If the traversal algorithm is sufficiently complex that you want to avoid repeating yourself, isolate the algorithm into a method that both equals and hashCode can use.

I see two options, which (as is so often the case) trade-off between being broadly-applicable and being efficient.

Broadly-applicable

The first option is to write quite a general traversal method that accepts a functional interface and calls back to it at each stage of the traversal, so you can pass a lambda or instance into it containing the actual logic you want to perform while traversing; the Visitor pattern. That interface would want to have a way to say "stop traversing" (e.g., so equals can bail when it knows the answer is "not equal"). Conceptually, that would look something like:

private boolean traverse(Visitor visitor) {
    while (/*still traversing*/) {
        if (!visitor.visitNode(thisNode)) {
            return false;
        }
        /*determine next node to visit and whether done*/
    }
    return true;
}

Then equals and hashCode use that to implement equality checking or hash code building without having to know the traversal algorithm.

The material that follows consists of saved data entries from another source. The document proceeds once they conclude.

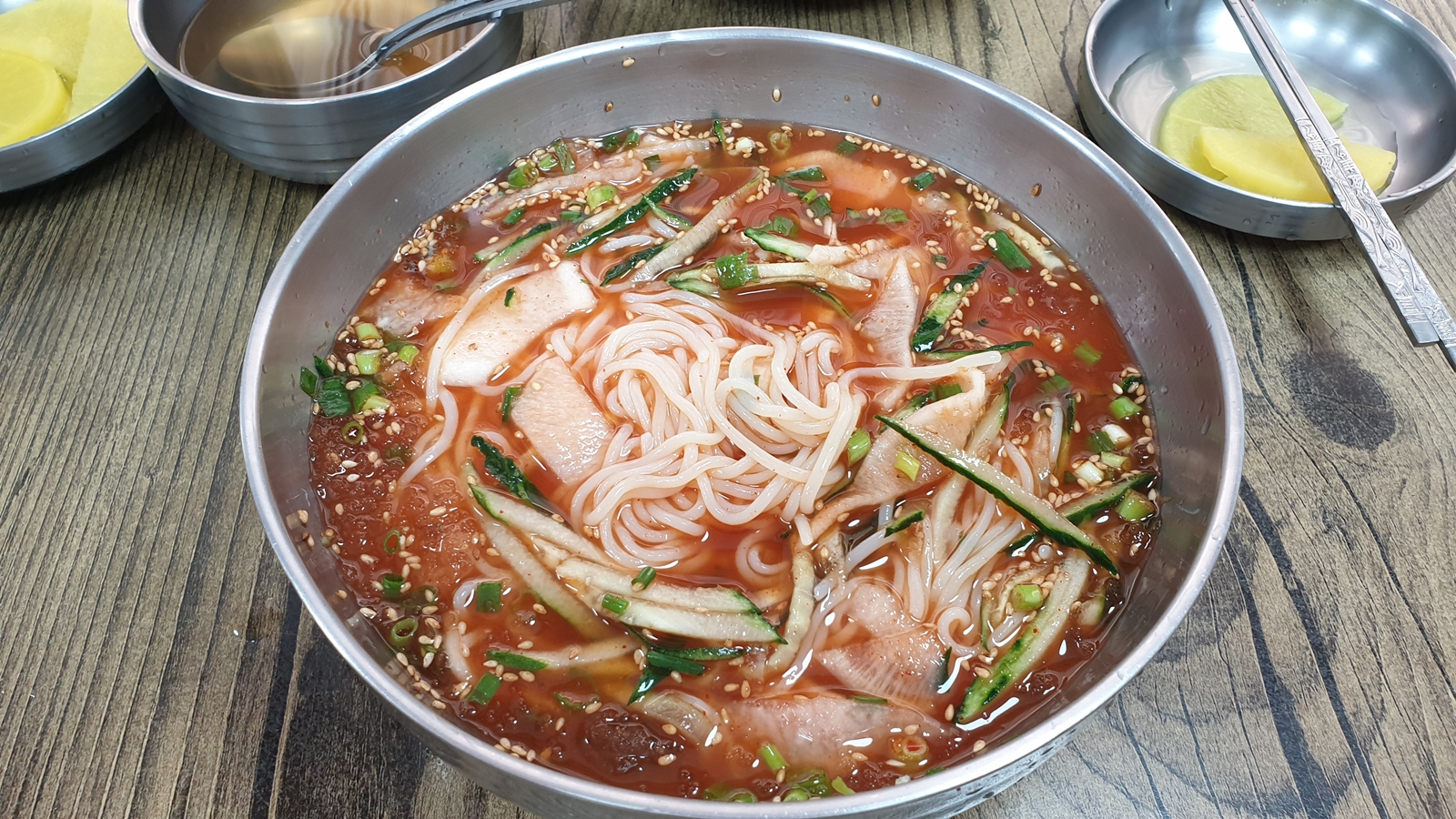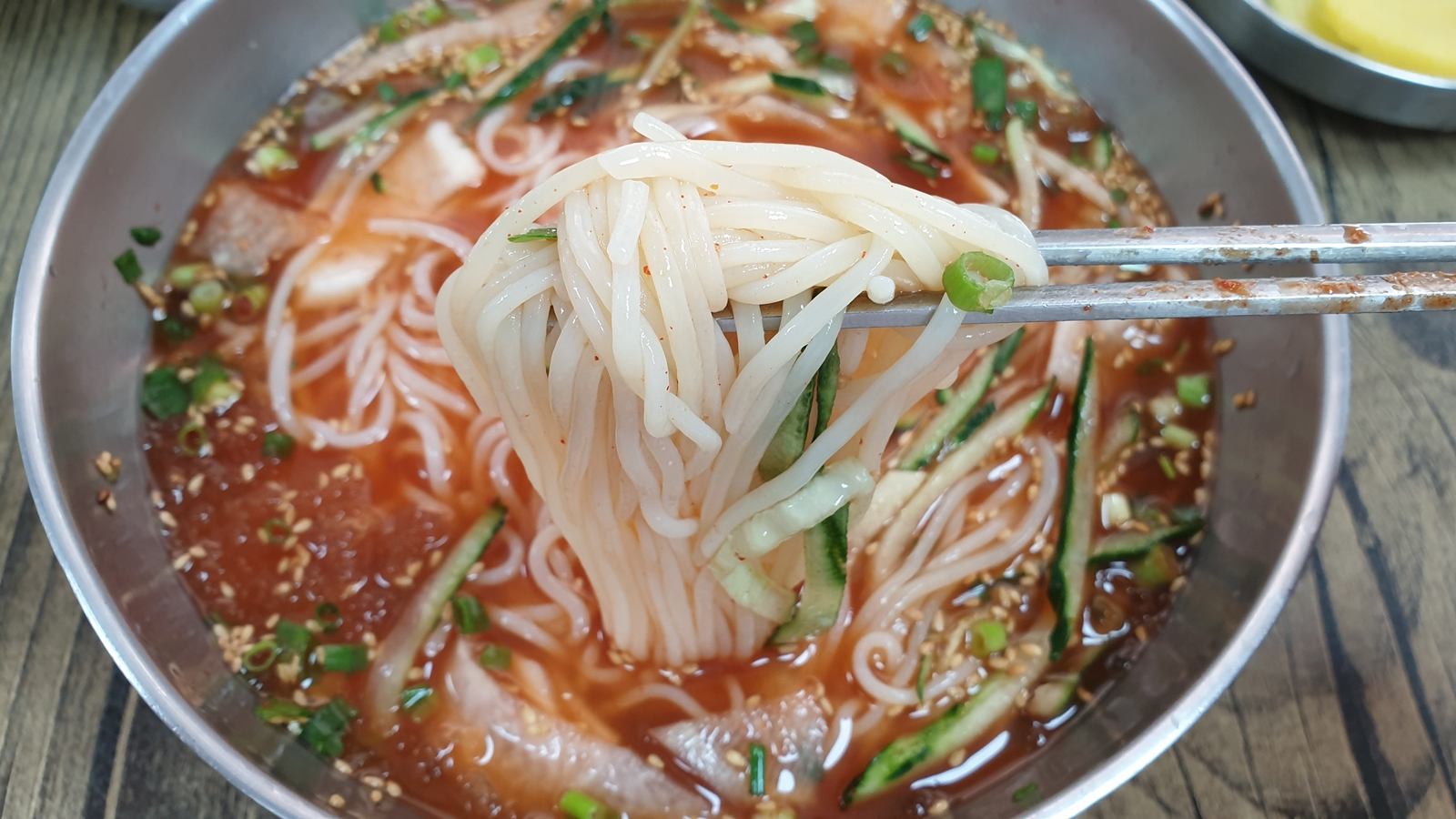 위에 올려진 고명과 양념장, 그리고 면을 섞어주었더니 붉은색으로 변하면서 좀 더 맛깔스러운 색을 풍긴다.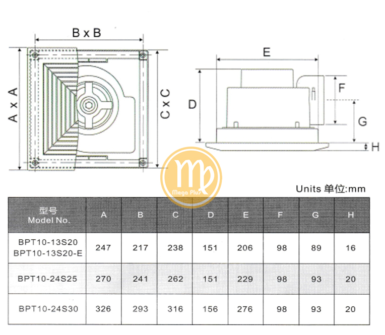 Thông số kích thước của sản phẩm Quạt thông gió âm trần ống nối Nedfon BPT10, Quạt thông gắn trần ống nối Nedfon BPT10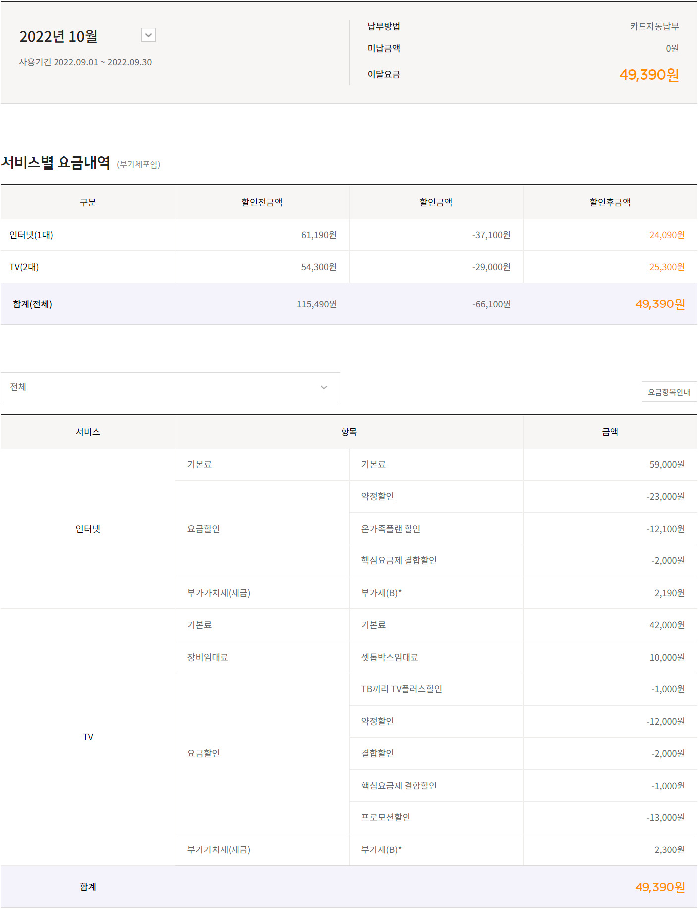인터넷 비용 관련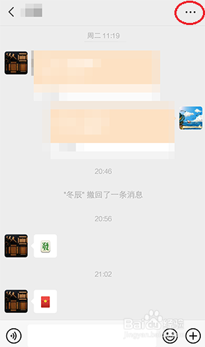 进入和他的聊天,选择右上角的3个点。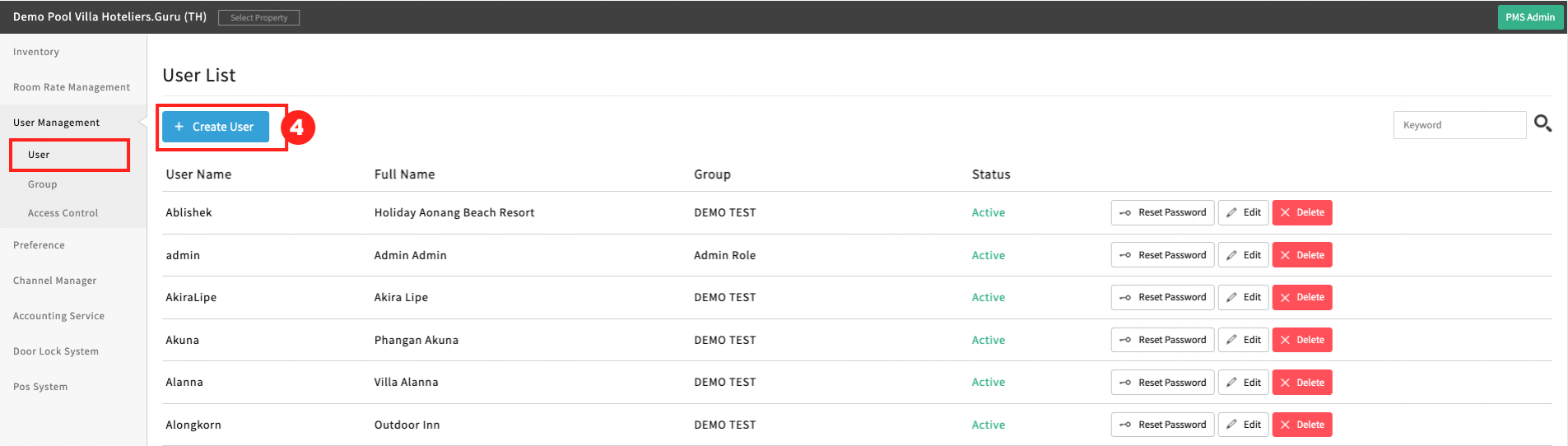 To specify which users belong to this group, create a group and name it something like "Reservation team," "Front office," "Accounting," etc.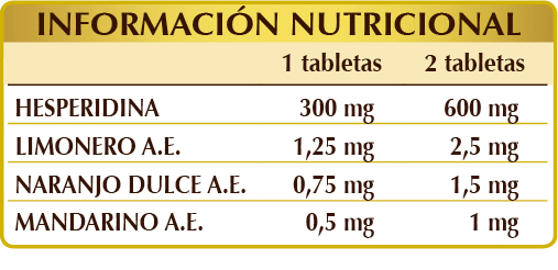 Hesperidina procedente de cítricos, celulosa microcristalina°, goma arábiga°, dióxido de silicio°°, estearato de magnesio de origen vegetal°°, limonero (Citrus limon Burm) cáscaras de los frutos A.E., naranjo dulce (Citrus aurantium var. sinensis o dulcis) cáscaras de los frutos A.E., mandarino (Citrus reticulata) cáscaras de los frutos A.E.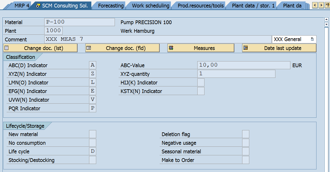 To do so, you first need to select the result lines for which you want to update the classifications. You then choose the SCM CS pushbutton to trigger the update. This updates all classifications in the enhanced material master view.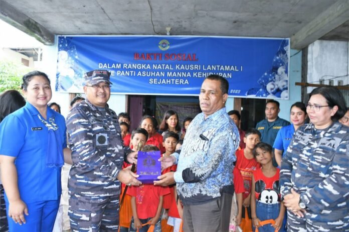 ACTUALNEWS.ID, TNI AL, Lantamal I Belawan,- Dalam rangka Perayaan Natal 2022 dan Tahun Baru 2023, Komandan Lantamal I Laksamana Pertama TNI Johanes Djanarko Wibowo didampingi Ketua Korcab I DJA I Ny. Widhi Johanes bersama para perwira dan personel yang beragama Nasrani melaksanakan kunjungan kasih ke Panti Asuhan Manna Kehidupan Sejahtera untuk memberikan bantuan tali asih kepada anak-anak yatim piatu di Panti Asuhan Kecamatan Sunggal, Medan, Sumut,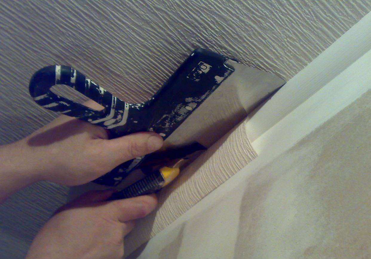 - Заправляют полотно в багет шпателем при участии помощника. Начинают работу с одной стороны, после чего переходят к противоположной. Лишнее полотно обрезают острым ножом.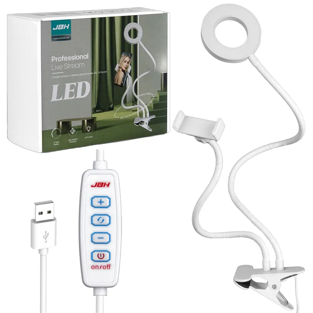 Селфи кольцо с гибким держателем 8,5" SL-10 белое JBH (30шт/кор)

I've chosen above to have the method return a flag for whether traversal ended early, but that's a design detail. You might not return anything, or might return this for chaining, whatever's suitable in your situation.

The issue, though, is that using it means allocating an instance (or using a lambda but then you probably need to allocate something for the lamba to update anyway to keep track of what it's doing) and doing a lot of method calls. Maybe that's fine in your case; maybe it's a performance killer because your app needs to use equals a lot. :-)

Specific and efficient

...and so you might want to write something specific to this case, writing something that has the logic for equals and hashCode built into it. It would return the hash code when being used by hashCode, or a flag value for equals (0 = not equal, !0 = equal). No longer generally-useful, but it avoids creating a visitor instance to pass in / lambda overhead / call overhead. Conceptually, this might look something like:

private int equalsHashCodeWorker(Object other, boolean forEquals) {
    int code = 0;

    if (forEquals && other == null) {
        // not equal
    } else {
        while (/*still traversing*/) {
            /*update `code` depending on the results for this node*/
        }
    }

    return code;    
}

Again the specifics will be, um, specific to your case as well as your style guide and such. Some folks would make the other argument serve two purposes (both flag and the "other" object) by having equals handle the other == null case itself and only call this worker when it has a non-null object. I prefer to avoid doubling up on the meaning of arguments like that, but you see it often enough.

Testing

Whichever way you go, if you're in a shop with a testing culture, naturally you'll want to build tests for the complex cases you've already seen fail as well as other cases where you see failure opportunities.

Side note about hashCode

Regardless of the above, if you expect hashCode to be called a lot, you might consider caching the result to an instance field. If the object you're doing this with is mutable (and it sounds like it is), you'd invalidate that stored hashcode any time you mutate the object's state. That way, if the object hasn't changed, you don't have to repeat the traversal on subsequent calls to hashCode. But of course, if you forget to invalidate the hash code in even one of your mutator methods...

T.J. Crowder
  • 1,031,962
  • 187
  • 1,923
  • 1,875
  • 4
    That doesn't really make sense to me: `equals()` requires a second object to compare to, but `hashCode()` doesn't. So I don't see any easy way to use the same code path for both. And I definitely would not encourage doing any allocations in `equals()` or especially `hashCode()`, since those methods will be called from code you don't control, often on a hot path. For example, adding an unrelated object to a `HashMap` that contains your object may cause your object's `hashCode()` to be invoked -- if that happens many thousands of times per second then you'll create a lot of GC pressure. – Daniel Pryden Jul 03 '16 at 22:56
  • 1
    @DanielPryden HashMap doesn't cache the hash code? Also, cached or not, it'll almost certainly only look at the hash of objects already in the table if it is resized, which will not happen on every insertion. – Random832 Jul 04 '16 at 03:29
  • @DanielPryden: Both very good points. I've updated the answer. – T.J. Crowder Jul 05 '16 at 08:46
5

one option to condsider may be code generation. Basically you write out a list of things that need to be compared and have a program that generates both an equals method and a hashcode method. Since both methods are generated from the same list of things to compare they should not fall out of sync (provided the individual elements don't of course).

plugwash
  • 9,724
  • 2
  • 38
  • 51
0

if a.equals(b), this implies a.hashcode() == b.hashcode().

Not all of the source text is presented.